There are two parasitic capacitances in the input of a common emitter (VFA-LTP) : base emitter and base collector. Plus the stray capacitances.
The second point, as i explained, is a normal amplifier need an input impedance not lower than 10K. As we want the two legs of the LTP to be equal, this will be the feedback impedance, sensible to those capacitances.
In a CFA, we can make the feedback Z as low as we want, and the ouput stage is able to feed the current. This ZC pole can be out of the bandwidth of the amp, not adding a pole and increasing the slope at HF. (better stability margin)
With an optimized VFA (and a compensating cap // to the serial feedback resistance), the difference is not a big deal. It is when we look at the slew rate that the main difference appears. "Current on demand".
Hi Terry,
I have the baby also. I increased the r113 to 100ohms because devices mounted on a really small piece of aluminium was getting very hot. They still run hot but manageable.

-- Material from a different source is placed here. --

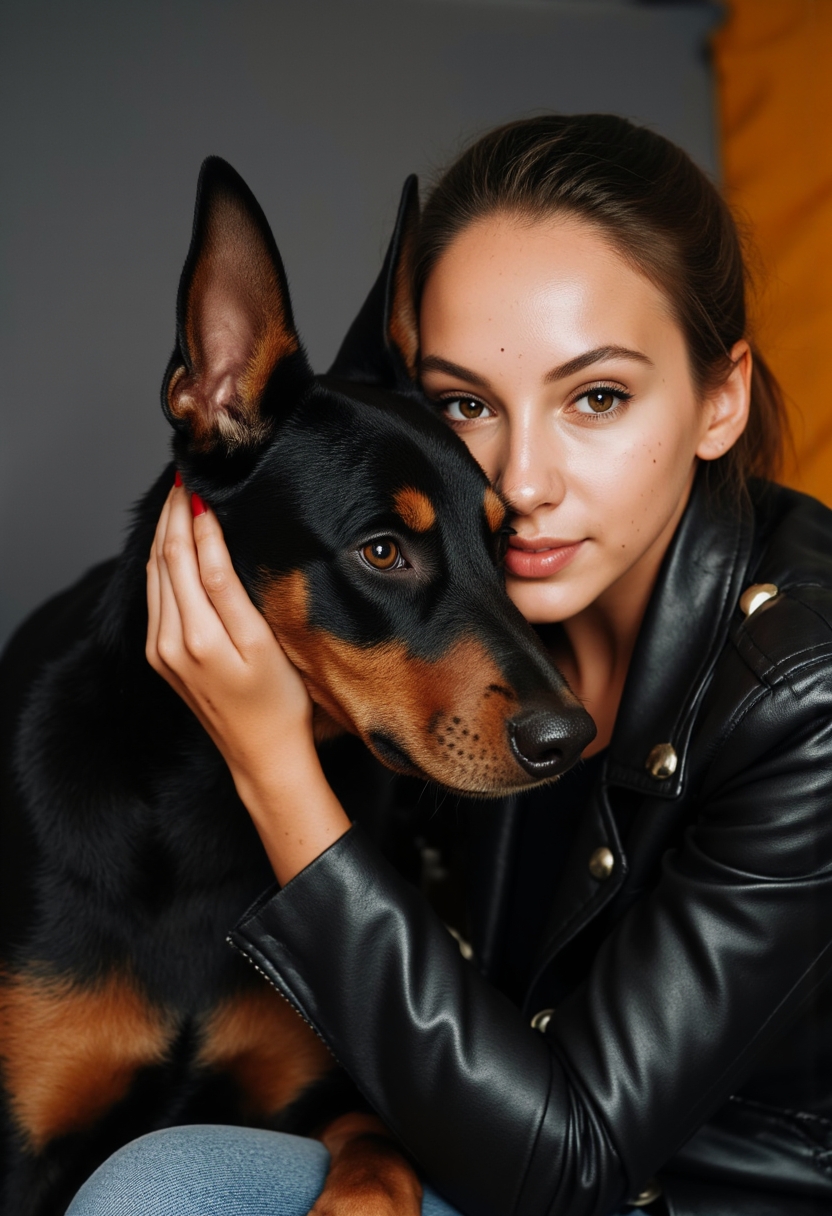Женщина в кожаной куртке с заклёпками наклоняется к доберману, её лицо на уровне его морды. Её взгляд строгий, выражение лица уверенное. Доберман смотрит прямо в камеру, его острые черты подчёркнуты боковым светом. Фон размытый, акцент на их близости.

My setup is BF471/472 as predriver 2sa1837/2SC4793 as drivers and MJL4281/4302 as outputs. At the beginning I had some stability issues which were fixed by inserting the extra caps on the output board.
I think your choise of devices is fine.
Jarno
It seem obvious that we want to have the open loop bandwidth of any audio amp flat in all the audio range. It means still flat at 20Khz.
This will lead to a constant feedback ratio in the band, and no, or minimal phase shift, once looped.
Unfortunately, and even with the fastest devices we can find for each stage, it is very difficult to achieve.
For me, this search for speed is the most important point, when i'm about to chose a transistor for an amp with global feedback, as well as reducing the number of stages (poles) in the loop to the minimum.
Not to talk about stability margins witch have a great impact on the sound quality during transients...
Last edited:
My experience shows:
- Yes, fast IPS ("comparator") is always an advantage. Also, the right OLG distribution between the front-end stages is important for maintaining the low TIM (IPS is not going to be a gain champion here).
- You would also want to have the output devices as fast as possible. In EF3, for example, designing a compensation approach, it is never a good idea to slow down the "outputs" or the drivers (unless it's a really "evil" OPS). You can slow down the pre-drivers though with no problem (shunt caps).
So, in general, looking at the amp's schematic, drawn the "normal" way, it goes like this - fast left side, slower middle (this is where most of the compensation is arranged) and as fast right side as you can get (it will be slower than IPS anyway, but still).
Cheers,
Valery
Happy to see, Valery, that you correlate my 'instinctive' habits ;-)
I will add that, at the end, i tend to prefer Laterals for OPS. For two reasons: they are fast and they don't have secondary breakdown risk, making them reliable.
As i never noticed some kind of 'FET coloration' with them, i stay stuck with this technology. I like too the fact that they provide a better 'isolation' with the previous stages.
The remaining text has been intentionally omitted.